Cloud service providers are also eager to meet client concerns about security. Many potential customers are held back from choosing cloud solutions out of worries over security, with 75% telling the Technology Business Research investigators that security has an impact on their cloud decisions. So, according to Wright, cloud service providers trumpet the measures they take to cover security at all levels: content scanning, data encryption, user authentication, and so on.

There does, in fact, seem to be a tipping point toward cloud use. Highly regulated industries such as health care and finance, which used to say they were barred from using cloud solutions, now see them as a boon to security.

The vigilance of cloud providers makes them turn to traditional security providers so that standard measures can be built in the cloud solutions. This offers security firms a new market, but it may not enhance their business stability. Wright said that cloud providers usually don’t like to advertise which security firms they’re partnering with so they can switch them around if needed. Thus, the partnerships fail to provide publicity to the security firms, and they live in a chronically uncertain environment.

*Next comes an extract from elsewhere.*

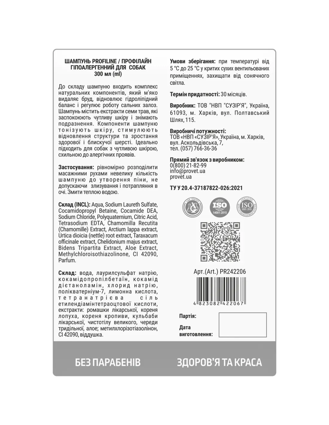 Лінія Profiline включає шампуні для догляду за шерстю та шкірою тварин. Вони виготовлені з натуральних інгредієнтів і не містять шкідливих речовин, таких як парабени.

Technology Business Research says that the adoption of open standards will help the best solutions be more widely adopted. But I think that, like other open standards, they can also lead to commoditization and lower revenues. Meanwhile, providing bulk security to cloud providers will probably be less lucrative than providing it on an individual basis to stand-alone clients, although the difference may be made up by increases in scale as virtually every firm comes to depend more and more heavily on the Internet.

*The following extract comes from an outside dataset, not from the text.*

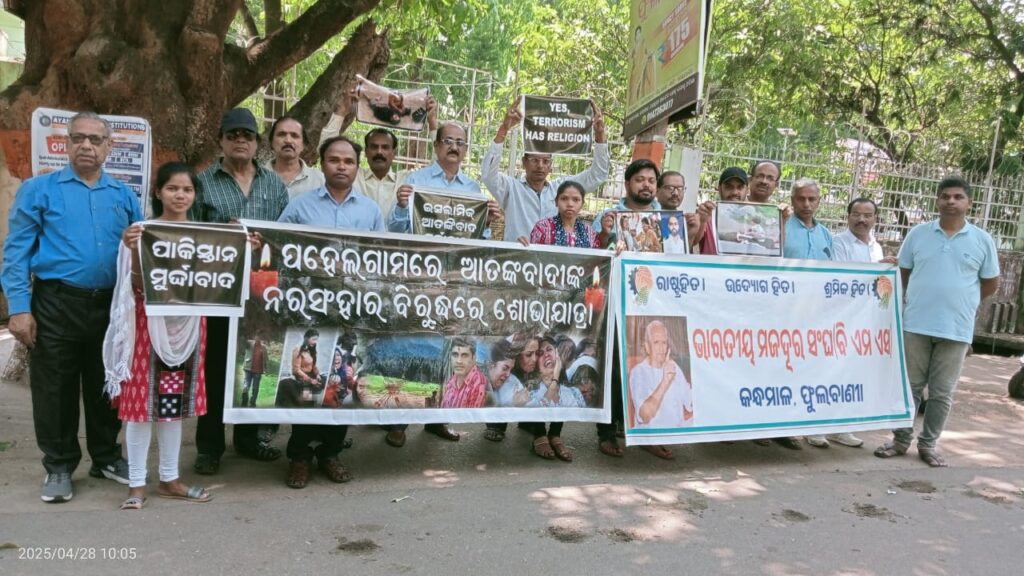 କନ୍ଧମାଳ ତା ୨୮/୦୪/୨୦୨୫ ଫୁଲବାଣୀ ଭାରତୀୟ ମଜଦୂର ସଂଘ (ବିଏମ ଏସ) କନ୍ଧମାଳ ଆନୂକୁଲ୍ୟରେ ଫୁଲବାଣୀ ଜିଲାପାଳଙ୍କ କାର୍ଯ୍ୟାଳୟ ସମ୍ମୁଖରେ ଜାମୁ- କାଶ୍ମୀରର ପହଲଗାଁ ଠାରେ ପାକିସ୍ଥାନୀ ଆତଙ୍କବାଦୀଙ୍କ ଅତ୍ୟନ୍ତ ବର୍ବରୋଚିତ ହତ୍ୟା ବିରୋଧରେ ଏକ ପ୍ରତିବାଦ ଅନୁଷ୍ଠିତ ହୋଇଯାଇଛି।ପାକିସ୍ତାନୀ ଆତଙ୍କବାଦୀମାନେ ପର୍ଯ୍ୟଟକମାନଙ୍କୁ ବର୍ବରୋଚିତ ଭାବେ ନରସଂହାର କରିଥିଲେ। ଆତଙ୍କବାଦୀଙ୍କ ଗୁଳିରେ ପ୍ରାଣ ହରାଇଥିବା ଅମର ଆତ୍ମାଙ୍କ ସମ୍ମାନର୍ଥେ ଭାରତୀୟ ମଜଦୂର ସୄଂଘ କନ୍ଧମାଳ ,ଫୁଲବାଣୀ ପକ୍ଷରୁ ଶ୍ରଦ୍ଧାଞ୍ଜଳି ଅର୍ପଣ କରି ଜିଲାପାଳଙ୍କ କାର୍ଯ୍ୟାଳୟ ସମ୍ମୁଖରେ ପ୍ରତିବାଦ କରାଯାଇଛି। ପାକିସ୍ତାନର ଆତଙ୍କବାଦୀ କାର୍ଯ୍ୟକୁ ଉପସ୍ଥିତ ଜନସାଧାରଣ ନିନ୍ଦା କରିବା ସହ ପାକିସ୍ତାନ ମୁର୍ଦ୍ଦାବାଦ ଧ୍ୱନି ଦେଇଥିଲେ।ପାକିସ୍ତାନର ଆତଙ୍କବାଦୀ କାର୍ଯ୍ୟ କଳାପକୁ ଦୃଢ ହସ୍ତରେ ଦମନ କରିବାକୁ ସରକାର ଙ୍କୁ ଦାବୀ କରିଥିଲେ।

What interests me is whether security vendors can rethink the concept of the security they provide and recapture the market for business security. Whether you’re running applications in your own data center or on servers provisioned in a cloud, employees still need to follow policies and good practices. Maybe security firms can expand their roles and maintain their relevance to end-users by smoothing the path toward proper use of resources in the cloud. It’s worth looking for creative business opportunities.